A.    Isyarat dengan dua tangan

اخرج البخاري فى الكتاب الغسل عن جبير بن مطعم رضي الله عنه قال : قال رسول الله
 صلى الله عليه وسلم : (أما أنا فأفيض على رأسى ثلاثا، وأشار بيديه كلتيها            

Artinya :
Meriwayatkan Imam Bukhori dalam kitab ( bab mandi ), dari jubair bin muth’im r.a, berkata Rosulullah SAW bersabda : adapun saya (Rosulullah )meratakanair di atas kepala saya tiga kali dan memberi isyarat dengan kedua tangan nya”.
1). Penjelasan
Hadits ini menerangkan bahwa Rosulullah memberikan contoh teladan baik dalam setiap perilaku, sampai hal-hal sekecil apapun beliau selalu memperhatikan. Ketika Rosulullah mandi jinabat beliau mengajarkan kepada sahabatnya. Ketika itu beliau menyiramkan air diatas kepala sebanyak tiga kali dan hal ini kemudian menjadi pelajaran bagi sahabatnya untuk dicontoh oleh umatnya.[1]
 
 أما أنافأفيض(adapun aku maka aku menyiram).
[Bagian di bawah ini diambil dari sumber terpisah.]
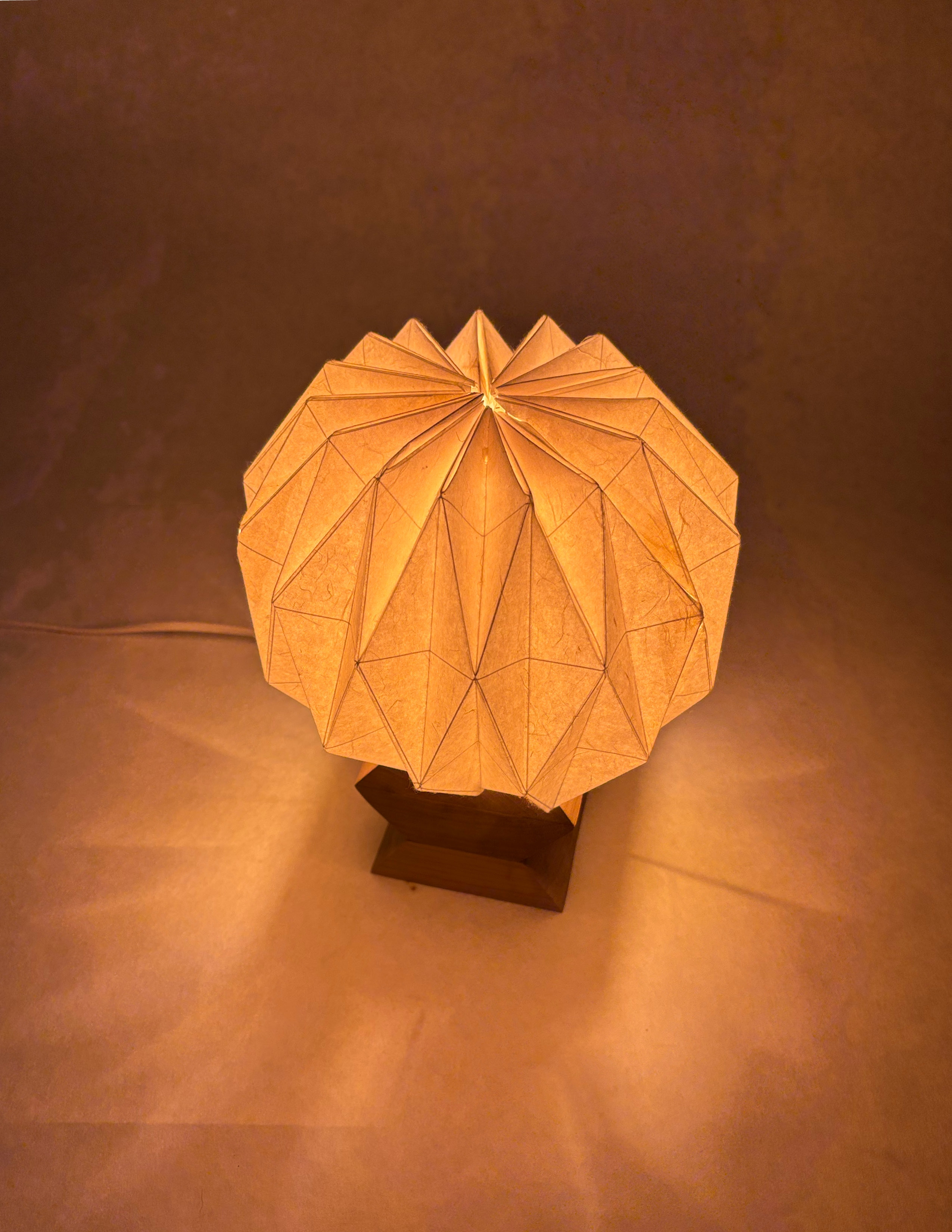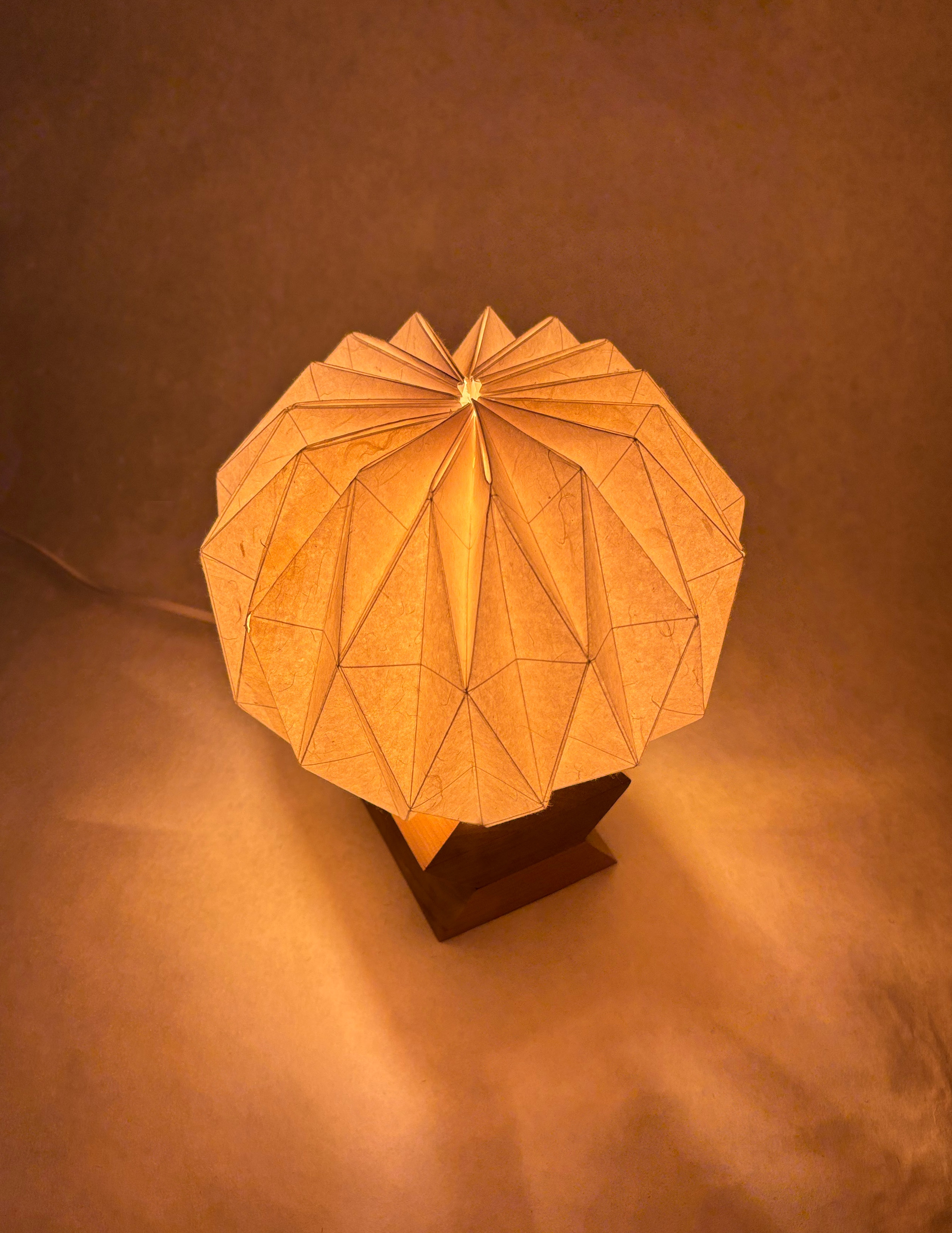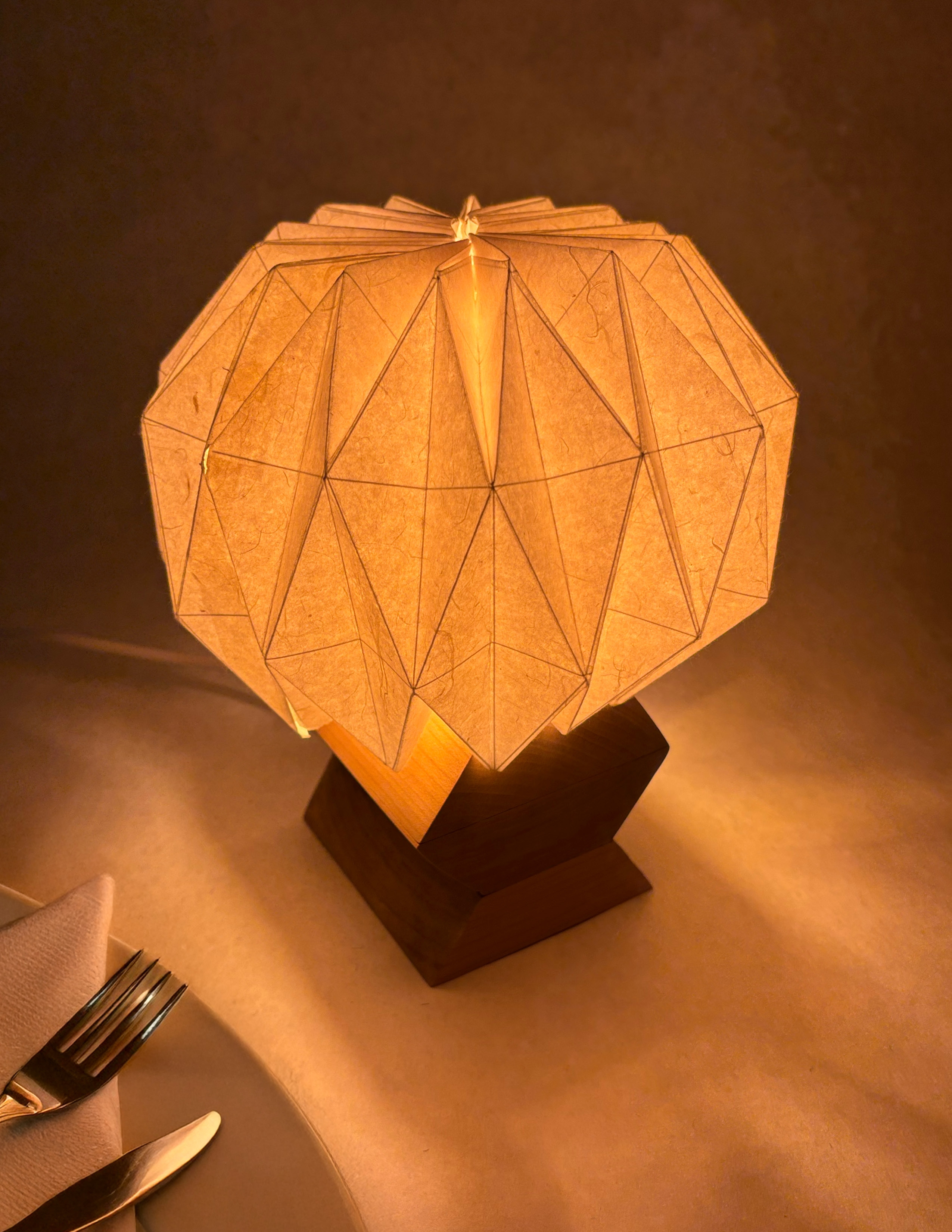 Entry DescriptionUrchin is a thoughtfully designed table lamp that brings a cozy, intimate ambiance to upscale dining environments. Made from sustainable materials, it emits a warm, inviting glow that enhances the atmosphere of romantic dinners and elevated dining experiences. The design draws inspiration from geometric forms, with a diamond motif repeated in both the wooden base and the washi paper shade to create a sense of balance and visual harmony. When lit, the lamp casts a subtle, star-like pattern onto the table, adding an extra layer of warmth and visual interest to the dining experience.

Abu Nu’aim menyebutkan sebab nya dalam kitab Al Mustakhraj, dimana dibagian awal haditsnya disebutkan “Mereka menyebut-nyebut tentang mandi junub di dekat Rosulullah” maka beliau SAW mengucapkan sabdanya seperti diatas. Sementara dalam riwayat Imam Muslim melalui riwayat Abu Al Ahwas dari Abu Ishaq dikatakan “Mereka berdebat tentang Mandi (junub) di dekat Nabi SAW. Sebagian mereka berkata, “Adapun aku, maka aku menyiram kepalaku dengan cara begini dan begini.” Kemudian ia menyebutkan hadits diatas, dan bagian inilah yang tidak dicantumkan dalam hadits tadi.
 ثلاث( Tiga Kali). Lafadz ini memberi keterangan bahwa yang dimaksud dengan lafadz, “begini dan begini” adalah bahwa perbuatan tersebut dilakukan lebih dari tiga kali. Lalu diriwayatkan oleh Imam Muslim melalui jalur periwayatan lain, bahwa yang bertanya adalah utusan dari Tsaqif.
Susunan hadits diatas mengisyaratkan bahwa Nabi SAW tidak menyiram (badannya) kecuali tiga kali. Hal ini mengandung kemungkinan bahwa ketiga siraman itu adalah sebagai pengulangan, dan dimungkinkan juga bahwa setiap siraman tersebutuntuk bagian badan tertentu. Akan tetapi, hadits jabir di akhir bab menguatkan kemungkinan pertama.
عن جابر بن عبدالله قال: كان النبي صلى لله عليه وسلم  يفرغ على رأسه ثلاثا

Diriwayatkan dari Jabir bin Abdullah ia berkata. “biasanya Nabi  SAWmenyiram kepalanya tiga (kali).2
2). Nilai Tarbawi
a.       Seorang pendidik hendaknya dalam menyampaikan materi, pendidik menyampaikan dengan jelas, runtut agar dapat dipahami oleh peserta didik dengan mudah.
b.      Seorang pendidik dapat memanfaatkan media yang ada serta yang mudah dapat dijangkau oleh peserta didik.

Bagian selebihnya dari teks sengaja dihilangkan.